PROBLEM DESCRIPTION.
An exact copy of every entry is the answer here, with no pictures.

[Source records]
━━━━━━━━

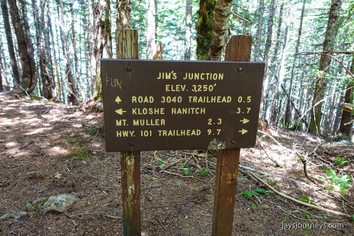 The trailhead can't be seen from the parking area. You have to park and walk to what looks like the end of the road and then follow the old road bed for a ways.You follow along the Sol Duc River along the old road bed. We found a spot to access the river on the way back and took a dip in it. It was freezing but felt nice since it was a really hot day.There were lots of flowers out. This is a macro of some growing up through some moss on the old road bed.At almost a half mile you'll come to the actual trailheadKloshe Nanitch TrailKloshe Nanitch TrailWild rose seen on the Kloshe Nanitch TrailKloshe Nanitch TrailKloshe Nanitch TrailAquilegia-formosa (Red Columbine)Allotropa virgata (Sugarstick) https://en.wikipedia.org/wiki/AllotropaThis was really the only confusing part. We took a left and went up to Kloshe Nanitch from here. The lookout loop is actually just the Snider Ridge trail that connects with the road further up near North Point. If you look at the map I added below, you can see a sort of loop.Shortly after that loop junction you'll enter a clearing. If you look up, you'll see the lookout platform above.Just a big carpenter ant I saw along the way.Cornus unalaschkensis (Bunchberry)Hmmm, not sure what this is unless it is the top of a beargrass bloom. It's not a very good image to do a comparison. If you know what it is, let me know in the comments.The trail eventually spits you out at this parking area for the lookout. Yes, you can drive up here. The lookout is just on the other side of those trees.The path to the former lookoutView of Mt Olympus from the lookout.Paul checking out the platform of the former lookout.The road that goes from Kloshe Nanitch to North Point. Keep your eyes open here and you'll find the Snder Ridge Trail off to the right.This is North Point. Unclear if this was ever a lookout site or if there has always been a radio tower here.Looking back out towards Kloshe Nanitch from North Point.Trail junction from the road access to the trail. Half mile to Kloshe Nanitch or 5 miles to Mt Muller via the Snider Ridge Trail.Much of the Snider Ridge Trail looks like this. A wide swath through the trees on the ridge top. Lot of ups and downs.Notice all the winter pine duff and branches on the trail. It appears to get little use.Paul taking a break along the ridge. There were a lot more ups and downs than we were expecting!Interesting tree. Do you think it was broken in two places when it was younger but continued to grow? It sure looks that way.Mt Olympus view from a clearing along the ridge.Mt Olympus view from a clearing along the ridge.Lake Crescent from a clearing along the ridgeTHe valley below the ridge and Sol Duc valley in the distance.Views from the ridgeA nice meadow or clearing on the ridge. You'd be surprised what Washington hikers would consider a meadow.I believe this is a Lilium columbianum (Columbia Lily)A nice meadow or clearing on the ridge. You'd be surprised what Washington hikers would consider a meadow.A 120 degree panorama looking Easterly, South and Westerly directions.Interesting rock formation along the ridge.Beargrass Bloom
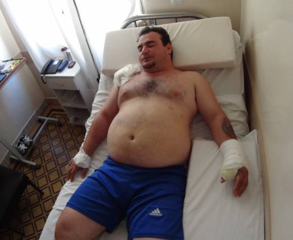 No recuerda cuántas detonaciones escuchó, sí tiene certeza que ‘me derrumbé y empecé a sentir algo calentito en la mano y en el hombro’, contó. Lo que percibía era la sangre y el ardor en la base del pulgar izquierdo y en el hombro derecho producto de las balas que le atravesaron. A todo eso el ladrón se subió a una moto roja 110cc y huyó a toda velocidad, con el dueño del negocio por detrás arrojándole piedras.
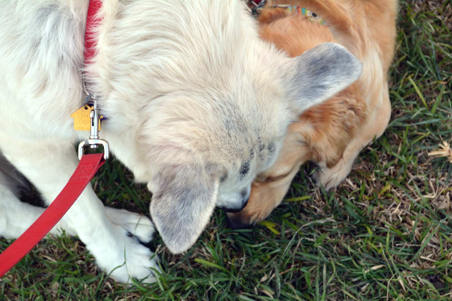 This goldern girl is Lola. She lives down the street and they both start whining when they see each other. The jump on each other and lick each other's face. It's funny to see Grace get so excited and playful. She's always so calm at home.
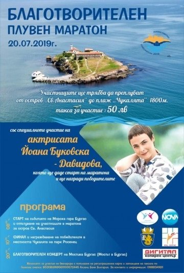 Участниците ще плуват разстоянието от о-в „Света Анастасия“ до парк Росенец, местността Чукалята – 1800 м. Такса за участие 50 лв. Записвания на телефон: 0988 341 611.
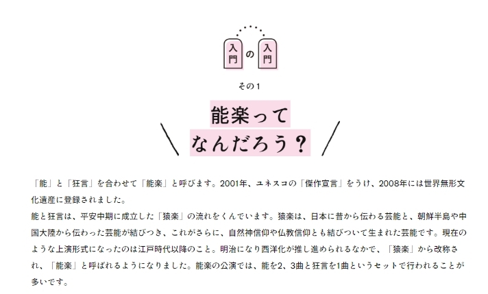 基礎知識や鑑賞のポイント、豆知識等を御紹介し、「伝統文化」をより身近に感じ、興味を持っていただき、鑑賞につなげるため開設しました。
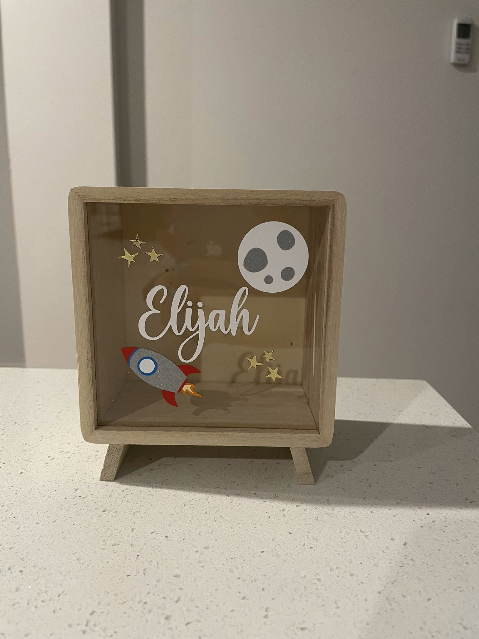 A personalized money box featuring a colourful theme which can be selected from the options.
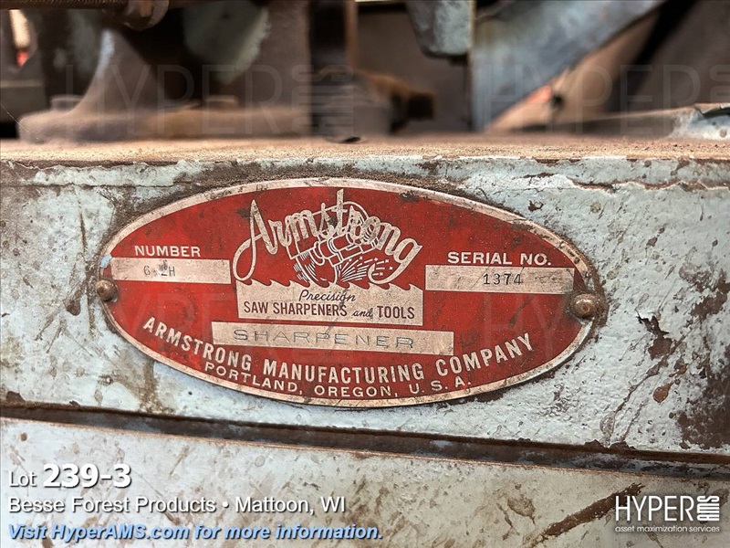 ARMSTRONG 62H BAND SAW SHARPENER, S/N 1374
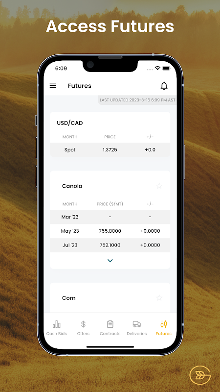 Consultez les offres au comptant en direct et vendez des céréales instantanément – plus besoin d'attendre les rappels ! Avec les alertes opportunes de l'application, vous ne manquerez jamais d'opportunités de marché.

━━━━━━━━

EXERCISE ANSWER.
 The trailhead can't be seen from the parking area. You have to park and walk to what looks like the end of the road and then follow the old road bed for a ways.You follow along the Sol Duc River along the old road bed. We found a spot to access the river on the way back and took a dip in it. It was freezing but felt nice since it was a really hot day.There were lots of flowers out. This is a macro of some growing up through some moss on the old road bed.At almost a half mile you'll come to the actual trailheadKloshe Nanitch TrailKloshe Nanitch TrailWild rose seen on the Kloshe Nanitch TrailKloshe Nanitch TrailKloshe Nanitch TrailAquilegia-formosa (Red Columbine)Allotropa virgata (Sugarstick) https://en.wikipedia.org/wiki/AllotropaThis was really the only confusing part. We took a left and went up to Kloshe Nanitch from here. The lookout loop is actually just the Snider Ridge trail that connects with the road further up near North Point. If you look at the map I added below, you can see a sort of loop.Shortly after that loop junction you'll enter a clearing. If you look up, you'll see the lookout platform above.Just a big carpenter ant I saw along the way.Cornus unalaschkensis (Bunchberry)Hmmm, not sure what this is unless it is the top of a beargrass bloom. It's not a very good image to do a comparison. If you know what it is, let me know in the comments.The trail eventually spits you out at this parking area for the lookout. Yes, you can drive up here. The lookout is just on the other side of those trees.The path to the former lookoutView of Mt Olympus from the lookout.Paul checking out the platform of the former lookout.The road that goes from Kloshe Nanitch to North Point. Keep your eyes open here and you'll find the Snder Ridge Trail off to the right.This is North Point. Unclear if this was ever a lookout site or if there has always been a radio tower here.Looking back out towards Kloshe Nanitch from North Point.Trail junction from the road access to the trail. Half mile to Kloshe Nanitch or 5 miles to Mt Muller via the Snider Ridge Trail.Much of the Snider Ridge Trail looks like this. A wide swath through the trees on the ridge top. Lot of ups and downs.Notice all the winter pine duff and branches on the trail. It appears to get little use.Paul taking a break along the ridge. There were a lot more ups and downs than we were expecting!Interesting tree. Do you think it was broken in two places when it was younger but continued to grow? It sure looks that way.Mt Olympus view from a clearing along the ridge.Mt Olympus view from a clearing along the ridge.Lake Crescent from a clearing along the ridgeTHe valley below the ridge and Sol Duc valley in the distance.Views from the ridgeA nice meadow or clearing on the ridge. You'd be surprised what Washington hikers would consider a meadow.I believe this is a Lilium columbianum (Columbia Lily)A nice meadow or clearing on the ridge. You'd be surprised what Washington hikers would consider a meadow.A 120 degree panorama looking Easterly, South and Westerly directions.Interesting rock formation along the ridge.Beargrass Bloom
 No recuerda cuántas detonaciones escuchó, sí tiene certeza que ‘me derrumbé y empecé a sentir algo calentito en la mano y en el hombro’, contó. Lo que percibía era la sangre y el ardor en la base del pulgar izquierdo y en el hombro derecho producto de las balas que le atravesaron. A todo eso el ladrón se subió a una moto roja 110cc y huyó a toda velocidad, con el dueño del negocio por detrás arrojándole piedras.
 This goldern girl is Lola. She lives down the street and they both start whining when they see each other. The jump on each other and lick each other's face. It's funny to see Grace get so excited and playful. She's always so calm at home.
 Участниците ще плуват разстоянието от о-в „Света Анастасия“ до парк Росенец, местността Чукалята – 1800 м. Такса за участие 50 лв. Записвания на телефон: 0988 341 611.
 基礎知識や鑑賞のポイント、豆知識等を御紹介し、「伝統文化」をより身近に感じ、興味を持っていただき、鑑賞につなげるため開設しました。
 A personalized money box featuring a colourful theme which can be selected from the options.
 ARMSTRONG 62H BAND SAW SHARPENER, S/N 1374
 Consultez les offres au comptant en direct et vendez des céréales instantanément – plus besoin d'attendre les rappels ! Avec les alertes opportunes de l'application, vous ne manquerez jamais d'opportunités de marché.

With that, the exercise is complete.